5 Tips To Balance Your Blood Sugar For Healthy Hormones

I recently came across an everything nutrition podcast by Dr. Hyman, an American physician and author. I decided to listen to one of his episodes during one of my long morning walks. I specifically listened to episode 720, which was “The Doctors Pharmacy: How to Reduce Sugar Cravings, Balance Blood Sugar, Improve Energy and Feel Better”.

 While I am not a registered dietitian, this episode got me thinking about another approach to reaching my nutrition and overall health goals in general, and that is learning and understanding how to balance your hormone and glucose levels properly. These can affect your mood, energy, and productivity levels throughout your day, but what you choose to consume has a large impact on these levels. During my dive into some research on this topic, I accumulated five main tips to achieve this goal:


1) Eat a savory breakfast

Allowing your first meal of the day to consist of sugary ingredients, including foods such as pancakes and maple syrup, donuts, cereal, and croissants can set your glucose levels up for failure for the rest of the day. Having a savory breakfast will help your blood sugar remain stable through the day resulting in fewer crashes and more energy.
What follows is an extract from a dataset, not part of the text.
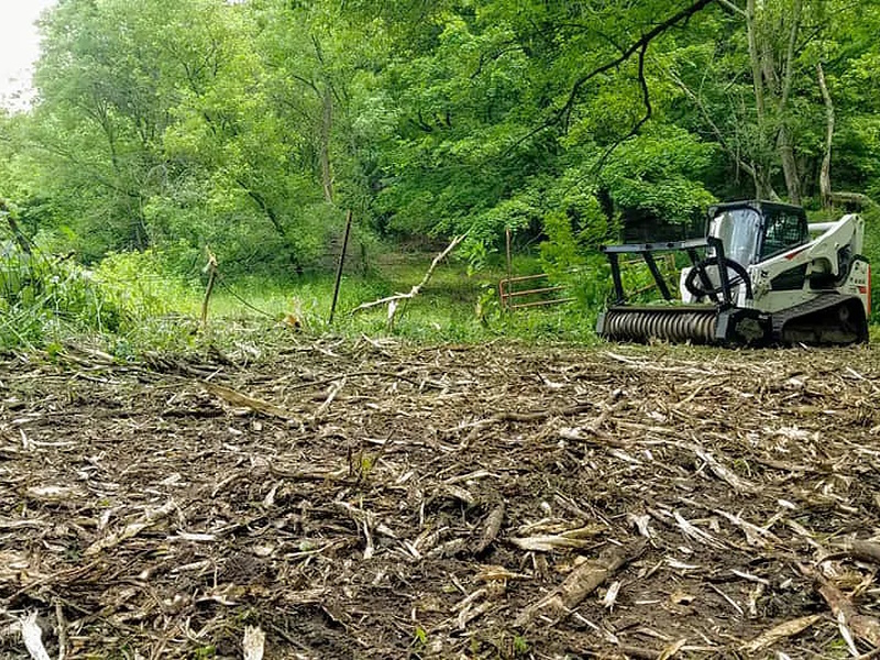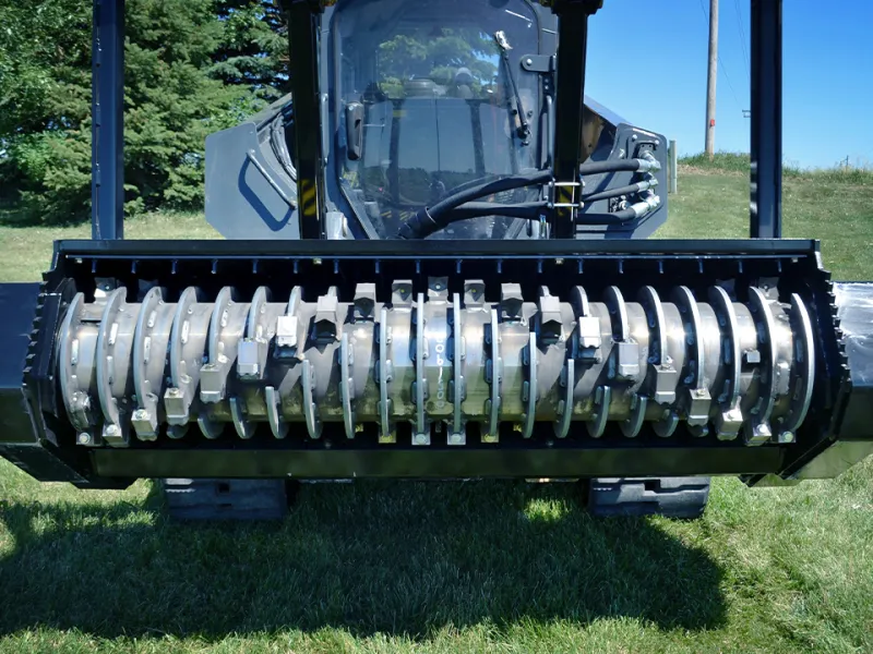 Drum mulchers get their name from the cylindrical, drum-like shape. These heavy-duty land clearing mulchers attach to skid loaders and shred small trees and brush with a forward spinning motion — a quality that makes them great options for quick brush and undergrowth removal.

My go-to breakfast the last few weeks has been avocado toast topped with over medium eggs, salt, and pepper. This combo not only helps to fuel me before or after a workout with its combination of healthy fasts, carbohydrates and protein but also keeps me feeling light at the start of the day, which is very important to consider when eating your first meal after waking up.

2) Drinking apple cider vinegar before meals

Adding 1 tbsp of vinegar to a cup of room temperature water 15 min before you consume food can reduce a glucose spike by 30%. When you consume vinegar the acetic acid in the vinegar helps your muscles soak up the glucose faster so your mitochondria can burn more fat resulting in no blood sugar crash after eating. One of the simple tasks that I have implemented into my morning routine includes a glass of warm lemon and ACV water to help waken my digestive system after it slows during the time that you are sleeping. In doing so, I have seen quite a difference in how I feel coming out of my first meal of the day.

3) Eating veggies AND FIBER first

 Eating veggies first before you eat simple carbohydrates helps reduce your glucose spike by up to 73%! When veggies are first it slows down the speed at which you digest starches, so glucose trickles into the bloodstream more slowly than if you had eaten the same foods in reverse order.

4) Hydrating!

It is so important to be drinking enough water in a day for several other reasons than just keeping your blood sugar level low. But in this specific case, drinking enough water can rehydrate the blood and therefore lower blood sugar levels. In addition to this, water can help to flush out toxins such as excess sugar in your kidneys.

5) Walking post-meal

Using your muscles for at least 10 minutes after a meal can help reduce glucose response because when you move your body, your muscles use up remaining glucose in your bloodstream which reduces insulin resistance & is especially beneficial for anyone who has PCOS. I usually like to take at least a 5-10 minute walk post-meal. However, realistically, during the days I don’t have the time to do so, I either choose to walk around the house for a bit and be productive, or stand at my standing desk and take care of some online work.